_Try it_: The lines to output run from the first line of the entries below through the line containing "Мелихово. Комната А. П. Чехова"; copy them exactly and leave out pictures.
☆ ☆ ☆ ☆ ☆
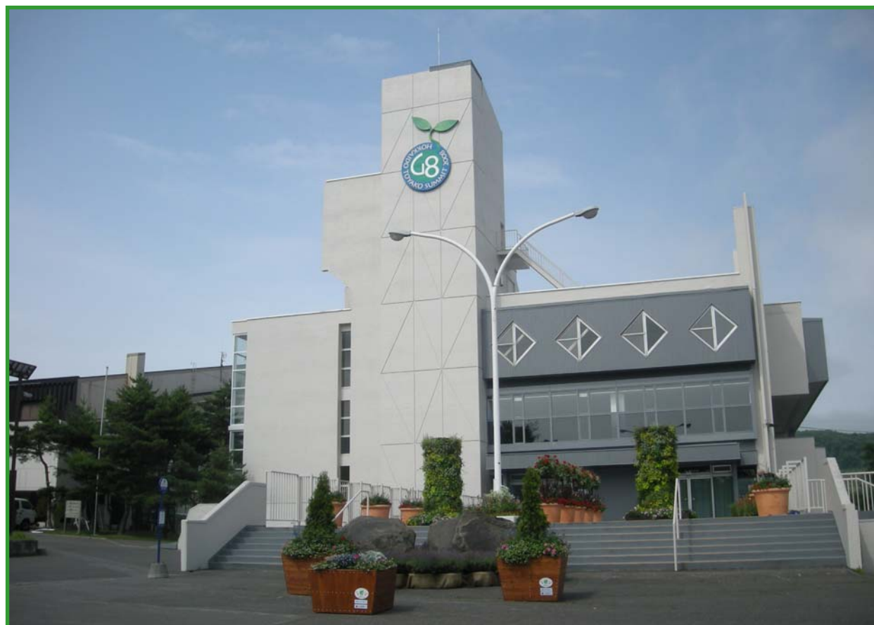
北海道洞爺湖サミット外務省現地事務所跡(旧火山科学館)
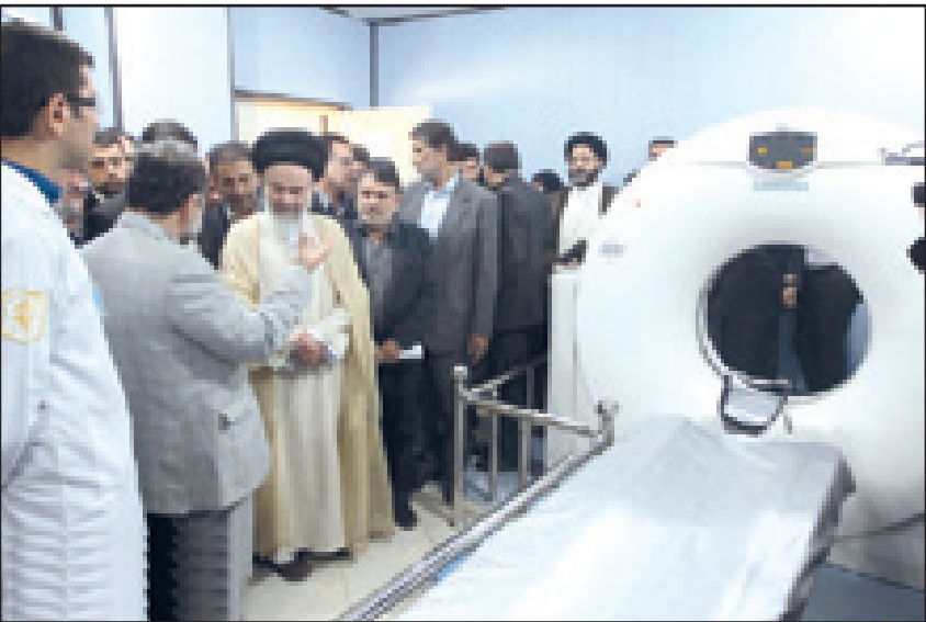
امیر آبدی نماینده قم در مراسم افتتاح بیمارستان امام رضا(ع)

نماینده قم در مجلس شورای اسلامی نیز در این مراسم با اشاره به اینکه نقطه یابی و مکان احداث بیمارستان از ابتدا مناسب نبود، گفت: باید همه مسوولان برای هر چه بهتر شدن مسیرهای دسترسی به این بیمارستان وقت و آمد مردم تلاش کنند. احمد امیر آبدی فراهانی با بیان اینکه در این استان مراکز درمانی نسبت به جمعیت بیمه شده هنوز با کمبود مواجه است، شک اگر بیمه کار کرد مناسب خود را در زمینه درمان داشته باشد و به جا، به موقع و با همه ویژگی های خاص خوش انجام بگیرد، بخش قابل توجهی از دغدغه های مردم بر طرف خواهد شد.عضو مجلس خبرگان رهبری با تقدیر از تلاش ها و خدمات مسوولان و
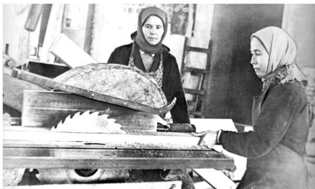
Работницы цеха по изготовлению лыж для армии. Октябрь 1941 года

Начали выпускать, пусть и в небольшом количестве, трикотаж, чулки, носки, пуговицы, детские игрушки, скобяные товары. Полукустарным способом пытались изготавливать хозяйственное мыло, спички, обувь на деревянной подошве и др. В 1942 году была открыта мастерская по производству керамической посуды и другой домашней утвари при кирпичном заводе. В 1943 году был организован птицекомбинат, выпускавший макаронные и кондитерские изделия, продукты переработки огородных культур, лесных ягод, грибов, заменитель кофе, конфеты, пряники. Начал работать кожевенно-обувной комбинат, часть продукции которого предназначалась для фронта. Началось строительство молочного завода и колбасно-холодильного цеха на мясокомбинате.
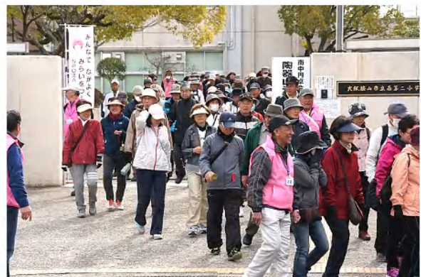
昨年のウォーキング
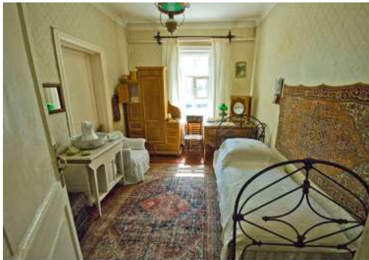
Мелихово. Комната А. П. Чехова
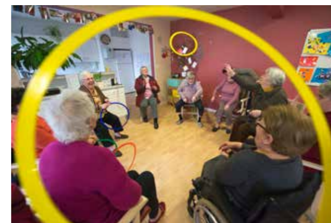
Maison de retraite, résidence ou domicile services... Trouvez le lieu de vie le plus adapté à vos besoins ou à ceux de vos proches.

Mardi 25 avril, de 15h30 à 17h30 à la salle du Seil, allée de Provence. Entrée libre.
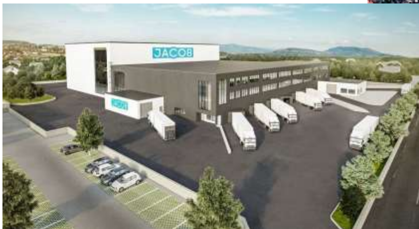
Nowe Centrum Logistyczne – otwarcie 16.10.2018
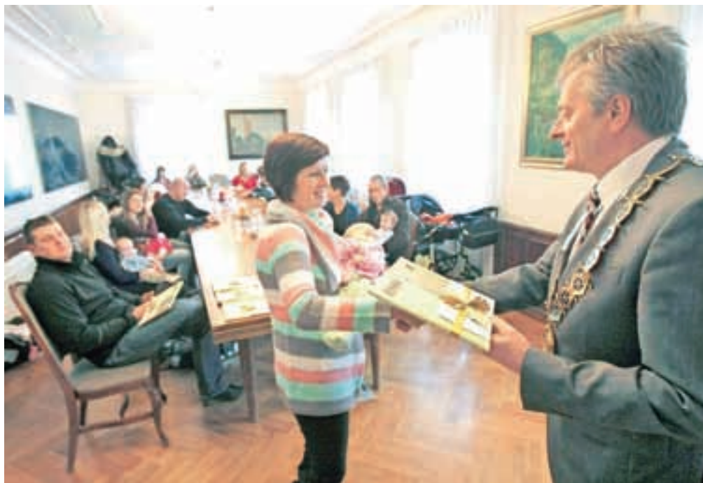
Na sprejem pri županu je v lanskem letu prišlo 183 novorojenčkov s starši.

Po podatkih Statističnega urada Republike Slovenije je na dan 1. 1. 2014 v občini Radovljica stalno prebivalo 18.848 prebivalcev, od tega je bilo 1044 otrok od prvega do petega leta starosti, to je 83 otrok več kot na primer 1. januarja 2011. Kot pojasnjujejo na radovljiški občinski upravi, pa je tako iz projekcije kot iz dejanskega stanja v občini Radovljica zaslediti, da je število otrok v starosti od enega do petih let doseglo najvišjo točko v letu 2013, v letu 2014 pa opazimo rahel upad.
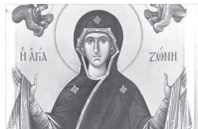
Пояс Пресвятой Богородицы прибывает на нашу землю

Утром 29 октября, ковчег со святыней побывет на территории в Ватопедском монастыре на Афоне, впервые доставили в Россию. С 27 по 29 октября ковчег со святыней будет выставлен в норильском соборе Всех Скорбящих Радость. Сразу по прибытии в северный город в храме состоится богослужение. Доступ верующих в дни пребывания Пояса Богородицы в Норильске будет круглосуточным. По словам священнослужителей, часть одежды, которую Богородица носила при жизни, обладает удивительной силой и помогает женщинам при рождении детей.
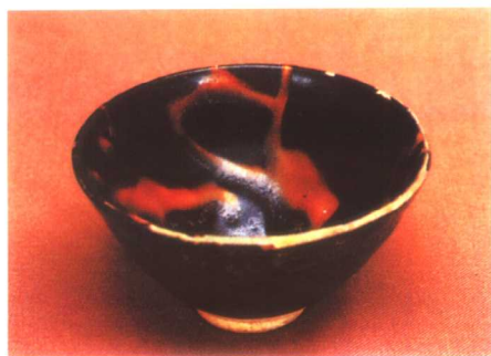
彩图6 宋代吉州窑玳瑁釉茶盏
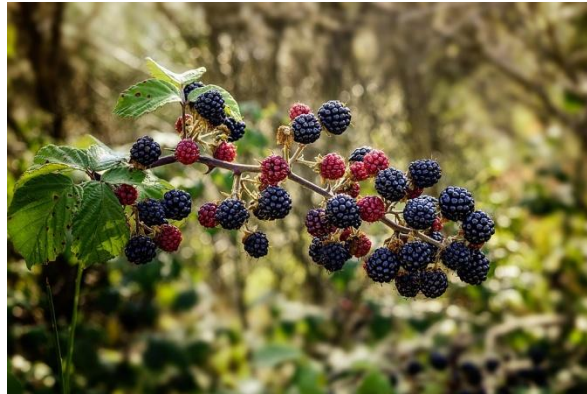
Figure 53 Rubus fruticosus (239)

Les bourgeons de ronce possèdent une activité sur les ostéoblastes et vont donc être intéressants pour les troubles du système ostéo-articulaire. Ils sont efficaces contre l'arthrose des sujets âgés, la perte osseuse et les rhumatismes chroniques dégénératifs. Ils vont consolider le tissu osseux et lutter contre l'ostéoporose.
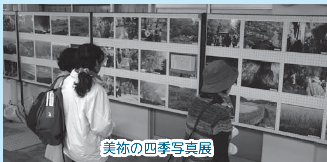
美祢の四季写真展
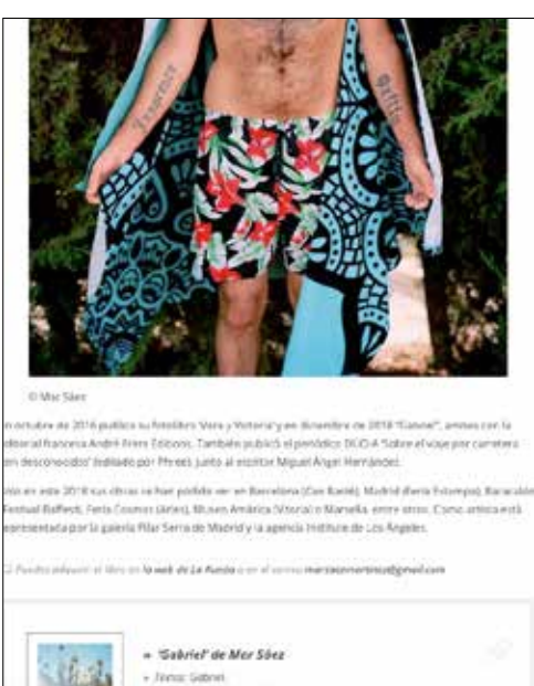
Clavoardiendo Magazine. 7-01-2019. Enlace .
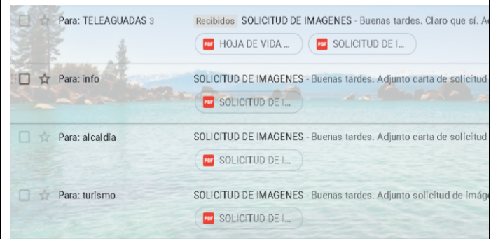
Imagen registro de campo # 12
☆ ☆ ☆ ☆ ☆
_Task answer_:
北海道洞爺湖サミット外務省現地事務所跡(旧火山科学館)
امیر آبدی نماینده قم در مراسم افتتاح بیمارستان امام رضا(ع)

نماینده قم در مجلس شورای اسلامی نیز در این مراسم با اشاره به اینکه نقطه یابی و مکان احداث بیمارستان از ابتدا مناسب نبود، گفت: باید همه مسوولان برای هر چه بهتر شدن مسیرهای دسترسی به این بیمارستان وقت و آمد مردم تلاش کنند. احمد امیر آبدی فراهانی با بیان اینکه در این استان مراکز درمانی نسبت به جمعیت بیمه شده هنوز با کمبود مواجه است، شک اگر بیمه کار کرد مناسب خود را در زمینه درمان داشته باشد و به جا، به موقع و با همه ویژگی های خاص خوش انجام بگیرد، بخش قابل توجهی از دغدغه های مردم بر طرف خواهد شد.عضو مجلس خبرگان رهبری با تقدیر از تلاش ها و خدمات مسوولان و
Работницы цеха по изготовлению лыж для армии. Октябрь 1941 года

Начали выпускать, пусть и в небольшом количестве, трикотаж, чулки, носки, пуговицы, детские игрушки, скобяные товары. Полукустарным способом пытались изготавливать хозяйственное мыло, спички, обувь на деревянной подошве и др. В 1942 году была открыта мастерская по производству керамической посуды и другой домашней утвари при кирпичном заводе. В 1943 году был организован птицекомбинат, выпускавший макаронные и кондитерские изделия, продукты переработки огородных культур, лесных ягод, грибов, заменитель кофе, конфеты, пряники. Начал работать кожевенно-обувной комбинат, часть продукции которого предназначалась для фронта. Началось строительство молочного завода и колбасно-холодильного цеха на мясокомбинате.
昨年のウォーキング
Мелихово. Комната А. П. Чехова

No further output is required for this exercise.